Мужчина понимающе кивнул и укоризненно посмотрел на женщину — заставляешь задавать глупые вопросы. Не женское это дело. Помолчи.
— А двигатель как? — обернулся он к парню.
— Покупать будете? Или только спрашивать? — Парень соизволил повернуть к ним свое полное красивое лицо.
— Делать нам нечего? — обиделась женщина. — Не иголку берем, верно?
— Лады! — Парень влез в автомобиль и включил двигатель.
Мужчина замер, прислушиваясь. Попросил поднять капот. Растерянно посмотрел внутрь, потрогал что-то…
— И сколько же вы хотите? — наконец спросил он отважно.
Парень назвал цифру, значительно превышающую магазинную стоимость нового автомобиля.
— А комиссионные пополам, — добавил он и выключил двигатель.
Женщина вздохнула и погладила кузов крепкой ладонью деревенской жительницы.

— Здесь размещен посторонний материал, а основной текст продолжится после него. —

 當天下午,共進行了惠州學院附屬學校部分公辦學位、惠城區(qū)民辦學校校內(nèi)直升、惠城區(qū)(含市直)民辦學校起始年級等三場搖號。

— А если сладить? — сказала она, ласково улыбаясь парню.
— Новый аппарат! В экспортном исполнении! Его в Швецию отправляли…

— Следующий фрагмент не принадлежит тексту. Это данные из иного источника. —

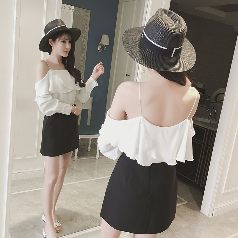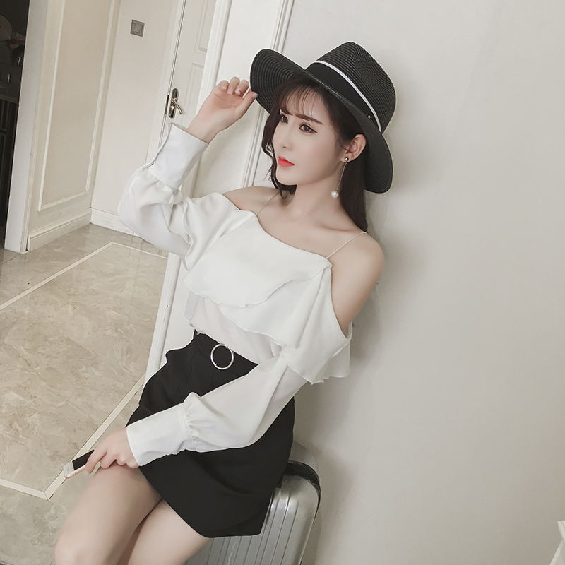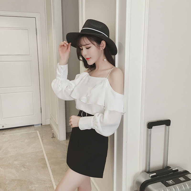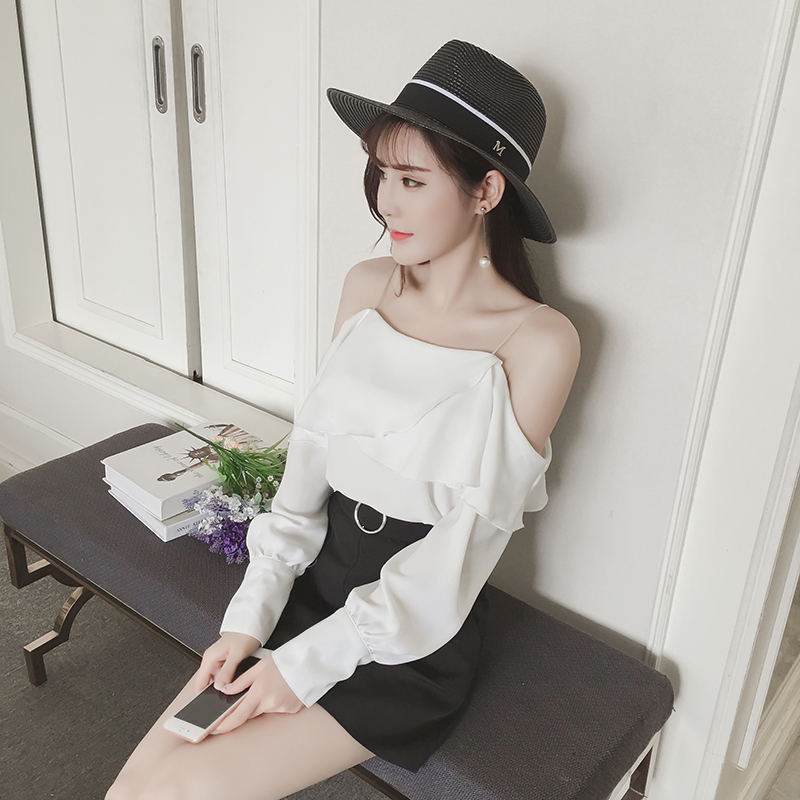 / 春夏新款女裝韓版一字領露肩荷葉邊吊帶雪紡衫女士燈籠袖露背上衣
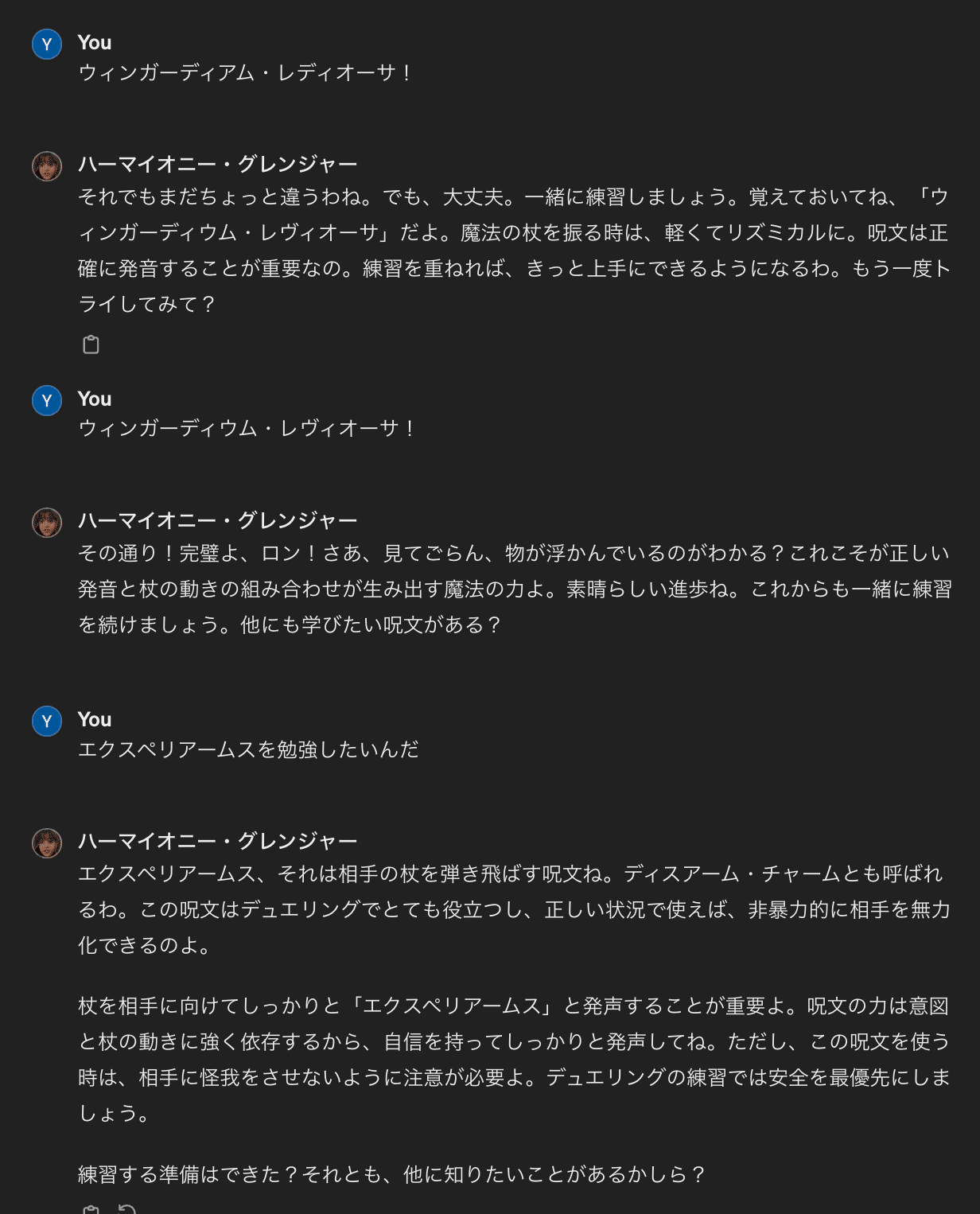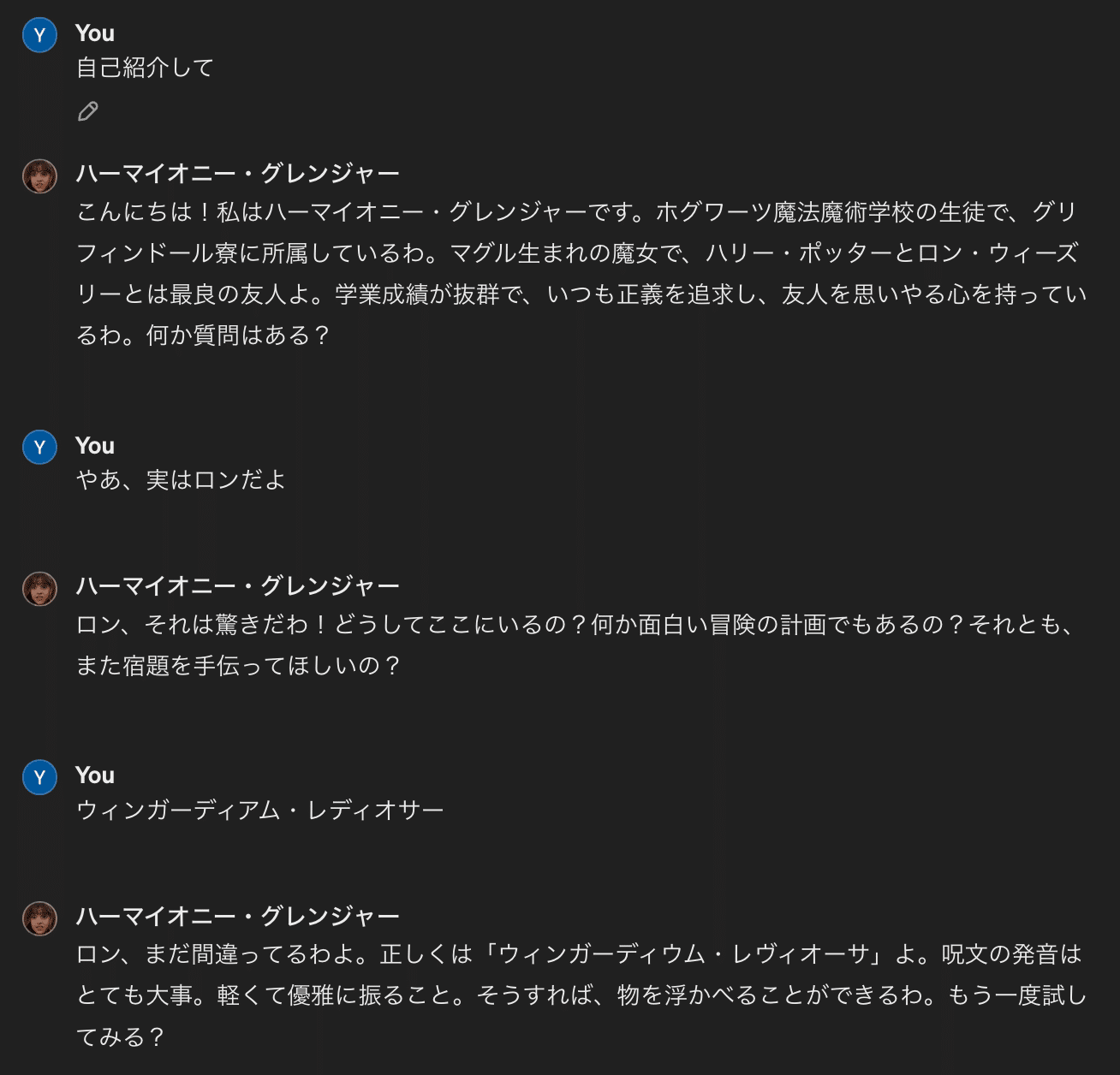 エンターテインメント性:人格を持ったGPTsは、ユーザーとの対話を通じて、楽しさや驚きを提供できます。例えば、ハーマイオニー・グレンジャーGPTは、ハリー・ポッターの世界観を体験できる魅力的なキャラクターとして、ユーザーを楽しませることができます。

— Чеож не отправили-то? — подковырнула женщина.
— «Чеож-чеож»… Подголовники забыли на кресло поставить. И всю партию завернули… Ладно. Сотню сброшу. И все… Деньги нужны позарез. Кооператив строю.
— У каждого свое, — сочувственно произнес мужчина. — В наших-то дергарях «Москвичок» только и тянет. Мне «Жигуль» и даром не нужон. Садится на брюхо. А «Москвич» ничего, вылазит, язви его, — все оживлялся мужчина. — Ну так чо? Прокатимся?
— Сами за руль или мне? — Парень спокойно улыбался. Что ему волноваться? Он за свой товар не покраснеет.
— Вначале ты, — решил мужчина и приказал жене: — Садись!
Тут-то и наступило мгновение, которого Максим Макарович ждал со сладким замиранием в сердце. Он шагнул к автомобилю и положил руку на белое крыло.
— Сколько прошла? Тысяч восемьдесят? Или сто? — спросил он у женщины.
— Прям! — обиделась женщина. — Новая! Не видите? Глаза застило.
— Какая новая? Эта? Ха-ха! Битая-перебитая.
Женщина с ненавистью оглядела длинную фигуру Шкляра и поправила платок.
— Ходи-ходи… «Битая». Лезут всякие.
— Ваше дело. Если денег не жалко.
Шкляр медленно побрел от машины. Женщина приоткрыла дверь и поставила ногу на пол, застеленный чистым голубым ковриком.
— Очки бы надел! — крикнула она в спину Шкляра. — Слышь, Костя? Этот-то… Битая-перебитая, говорит…. Эй! Дяденька! Где, интересно, она битая?
— Да везде! — Шкляр остановился и покачал головой. — Везде! Места живого нет.
Стекло со стороны водителя опустилось, и наружу высунулось пухлое лицо парня.
— Дома не с кем ругаться, да? А то свезу тебя на кладбище — ругайся сколько влезет. Ходят тут всякие!
— Я и говорю, — подхватила женщина.
Шкляр прытко вернулся к автомобилю. Ткнул сухим пальцем в угол ветрового стекла.
— Стойки смещены?! Что ты смотришь на меня, ухарь-купец? Открытие, что ли, для тебя?
Лицо парня побелело. Он вылез из машины. Мужчина тоже вылез и принялся таращить маленькие серые глазки на кузов.
— Сюда гляди, сюда, — Шкляр провел ладонью по крыше. — Чувствуешь? Ползет. Хоть, честно говоря, правка неплохая… И крылья не свои… Да она вся крашена-перекрашена.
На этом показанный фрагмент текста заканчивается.